There I was, I had just finished the grueling hike to the highest elevation I have ever been to: 16,000 feet. It was time to mountain bike, or should I say ‘volcano bike’? The tour guide passed around an old piece of paper for us to sign as a liability form, handed us a helmet and assigned everyone a bike. I snapped the helmet on over my hat and hood because it was surprisingly cold outside. After adjusting the bike seat a few times, I felt like I was as ready as I was ever going to be.
Now, let me put the terrain for this bike ride into context. Imagine this: a dirt road, full of switchbacks, covered in loose gravel, and what felt like a constant 45° angle downward. There were cars pulling past me with mere inches between the bike and the vehicle, other bikers zooming past me who have apparently done this a million times, and, to top it all off, bitter cold winds that froze my body from head to toe. Oh yeah, and did I mention that I am not very good at riding a bike?

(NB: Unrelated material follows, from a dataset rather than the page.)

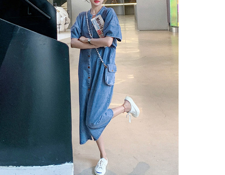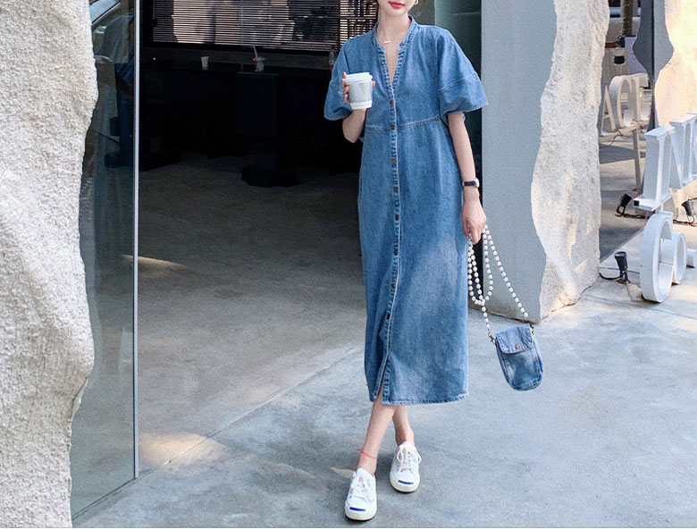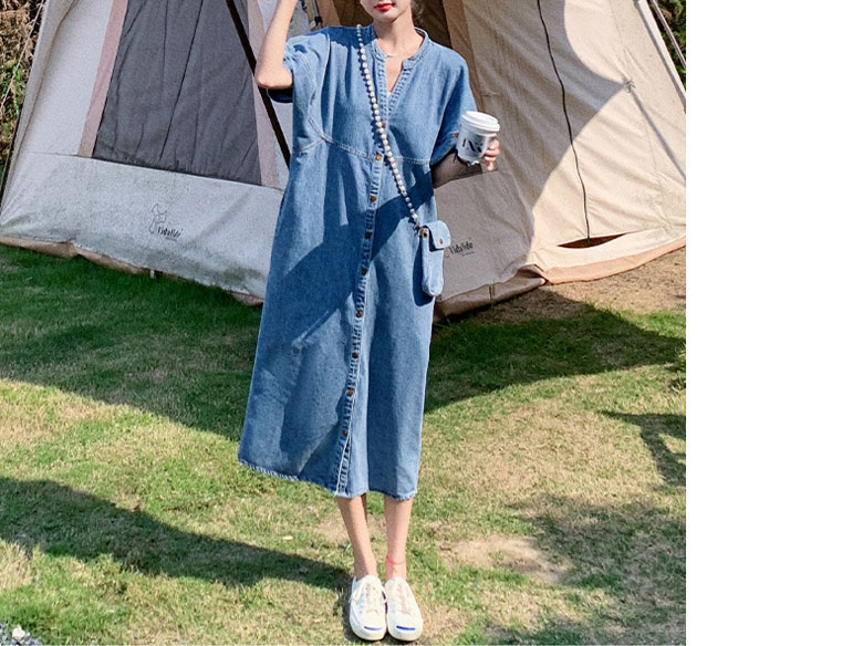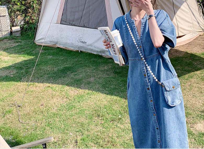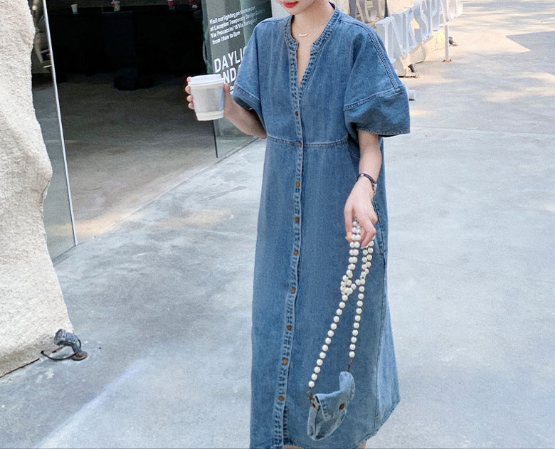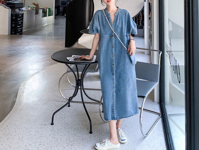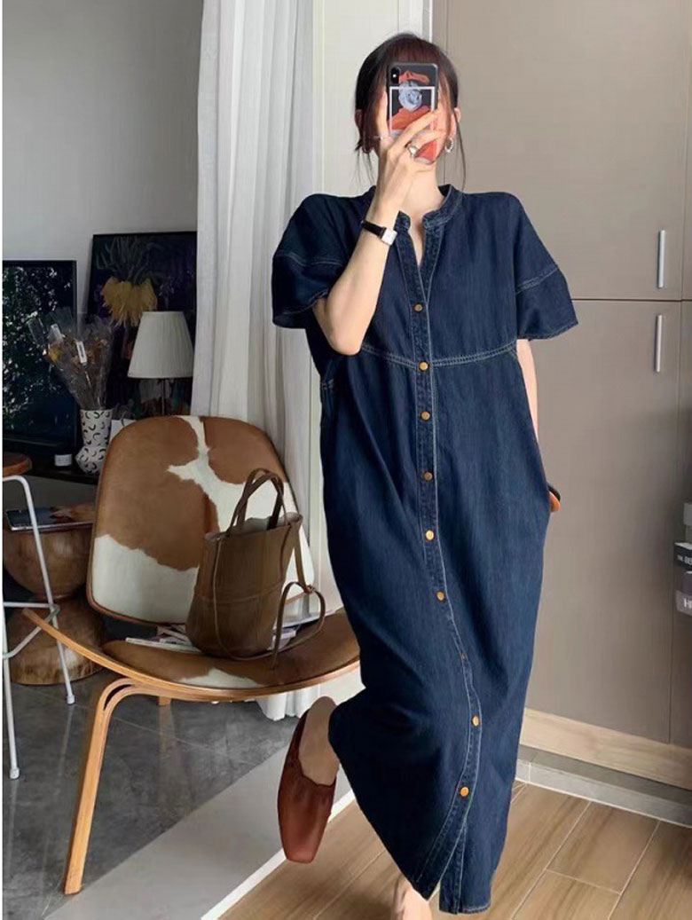 2A42デニム ワンピース ミドル丈 S M L XL ブルー インディゴ

As I started down the volcano I was trying to be very cautious but it felt like all of my safety measures were being ignored by the bike itself and the terrain. I was holding my breaks as tightly as I could but I was still flying down the road. I was sure every bump I hit was going to throw me off the bike and send me tumbling head over heels to the bottom of the volcano. The wind was so bitterly cold that my hands started to go numb and it took all of my focus and strength to keep holding my breaks. It was not long after my fingers were numb that I had to make a tough decision, I needed to completely let go of my breaks. I could no longer hold on to the only things keeping this bike ride at a reasonable pace. I said to myself, “If I crash, I crash,” and I let go. I had never gone, and will never go, so fast on a bicycle, ever again in my life. I was no longer turning around the switchbacks but rather drifting on my back tire and leaning into them. I began to go faster than the cars on the path, passing them left and right. I couldn’t hear anything besides the wind screaming in my ears.

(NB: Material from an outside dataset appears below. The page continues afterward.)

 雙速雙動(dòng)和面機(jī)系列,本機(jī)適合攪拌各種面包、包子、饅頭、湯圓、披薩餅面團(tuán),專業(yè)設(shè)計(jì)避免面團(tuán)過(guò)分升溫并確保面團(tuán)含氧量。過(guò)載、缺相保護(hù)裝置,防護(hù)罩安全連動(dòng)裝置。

Thankfully, I made it to the bottom of the volcano in one piece. I met up with the people in my group who were all impressed and shocked (as was I) at the speed and agility that I had just displayed.
I learned a lot from that bike ride. The main thing was that if I ever need to get down a volcano that is erupting, a bike is way faster than a car and it is probably my best bet. But, the real lesson I learned is that I shouldn’t let fear of failure or lack of knowledge/practice keep me from experiencing life’s amazing adventures. No, I am not the best bike rider in the world, but hey, I mountain-biked down the second tallest volcano in Ecuador.